# Spotted this at WotC's boards.



## Morrus (Jan 17, 2002)

Archetypical Messageboard Personalities: http://boards.wizards.com/rpg/ultimatebb.php?ubb=get_topic&f=139&t=000714

The guy's pretty spot on.


----------



## Coik (Jan 17, 2002)

Bah.  Mine are much better.

http://www.geocities.com/coik/tocp.html

A little out of date, but much better.


----------



## Darkness (Jan 18, 2002)

The list of the flame warriors also comes to mind here. 
(BTW, I believe it was you, Morrus, who pointed out this site months ago in Nutkinland?)


----------



## EricNoah (Jan 18, 2002)

I very honestly don't see myself on that first list.  Where is "slutty cheerleader"??


----------



## EricNoah (Jan 18, 2002)

Darkness said:
			
		

> *The list of the flame warriors also comes to mind here.
> (BTW, I believe it was you, Morrus, who pointed out this site months ago in Nutkinland?) *




Ooh, good one, Darkness formerly known as the Shadow of My Former Self.  I saw TWO that might apply!


----------



## Horacio (Jan 18, 2002)

EricNoah said:
			
		

> *I very honestly don't see myself on that first list.  Where is "slutty cheerleader"?? *




Eric, I would place you at the _Founder, high priest and spiritual beacon_ category... or maybe at the _grandson of the virtuous grandmmother_ one.


----------



## Ashtal (Jan 18, 2002)

I think I'm a combo of the Bliss Ninny and the Netiquette Nazi. 

I actually do have a cat on my lap, right this minute.


----------



## WSmith (Jan 18, 2002)

Now this is me, (or at least it was me before the switch. I am a newbie again with 4-5 posts.  ) Of course I don't think anyone had a post count over 5000 in EN World. )  

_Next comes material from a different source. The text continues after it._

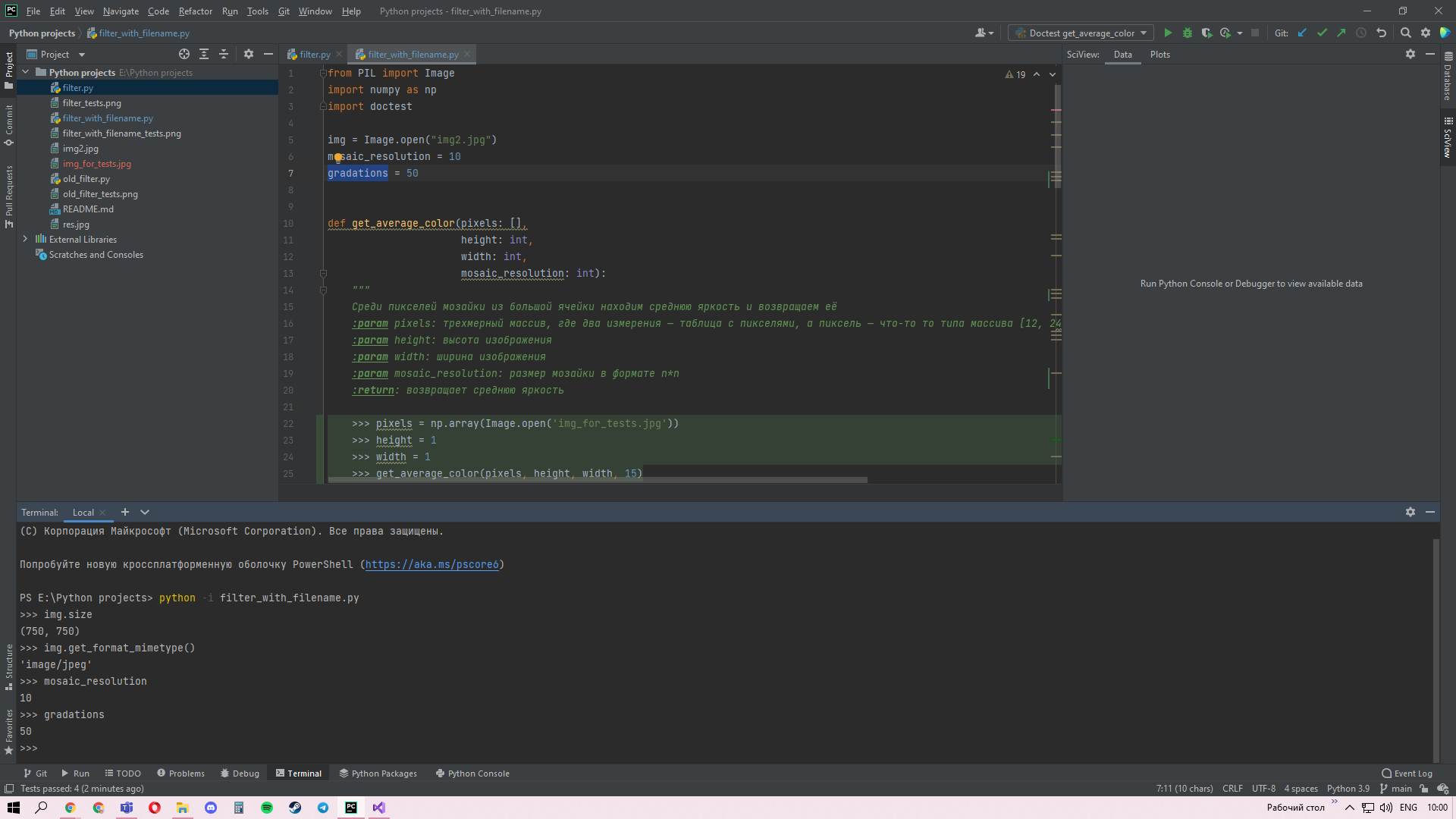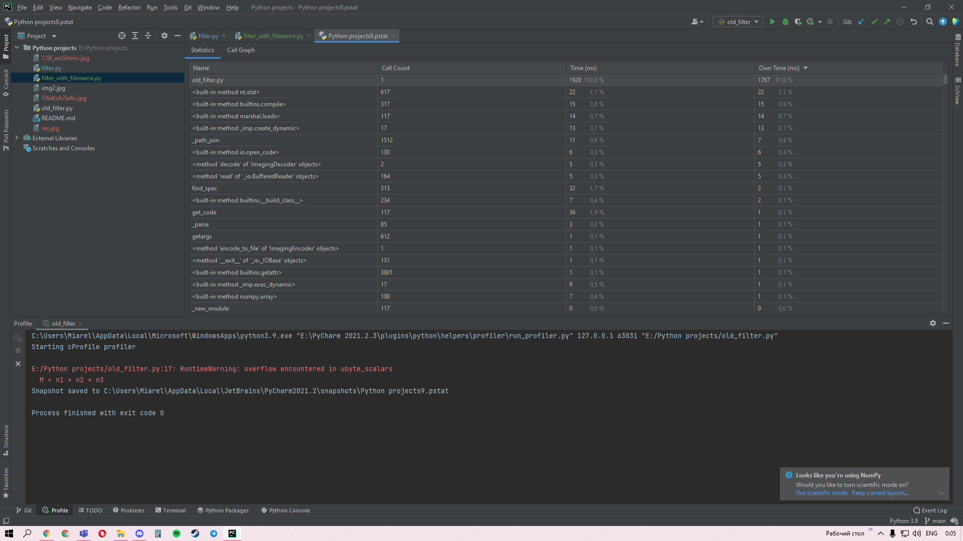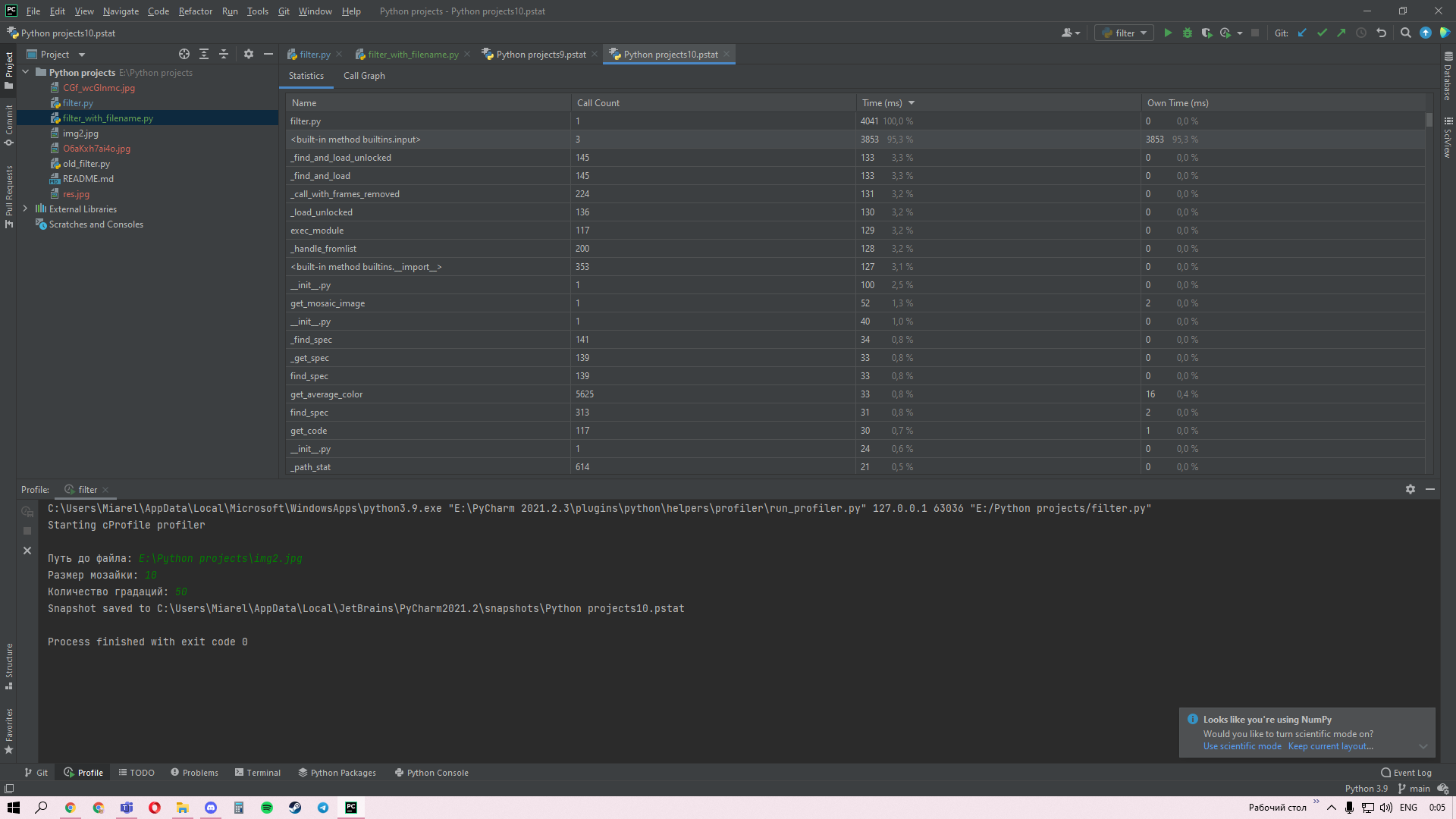 Время выполнения filter.py и filter_with_filename.py различаются из-за того, что мы не тратим время на ввод данных и отличается от old_filter.py из-за замены циклов.

> The Old Soldier: This veteran has a member number below 500 and a post count above 5000. He spends most of his time discussing the "good ole days" and analyzing the trends and patterns of the boards. No matter how good your post is, he will ignore it in favor of reminiscing about the "Golden Age" of the boards.


----------



## Darkness (Jan 18, 2002)

And which flame warriors apply to you, Eric? 



			
				WSmith said:
			
		

> *Now this is me, (or at least it was me before the switch. I am a newbie again with 4-5 posts.  ) Of course I don't think anyone had a post count over 5000 in EN World. )
> 
> *



Though Piratecat and Caliban certainly  came close to 5,000.


----------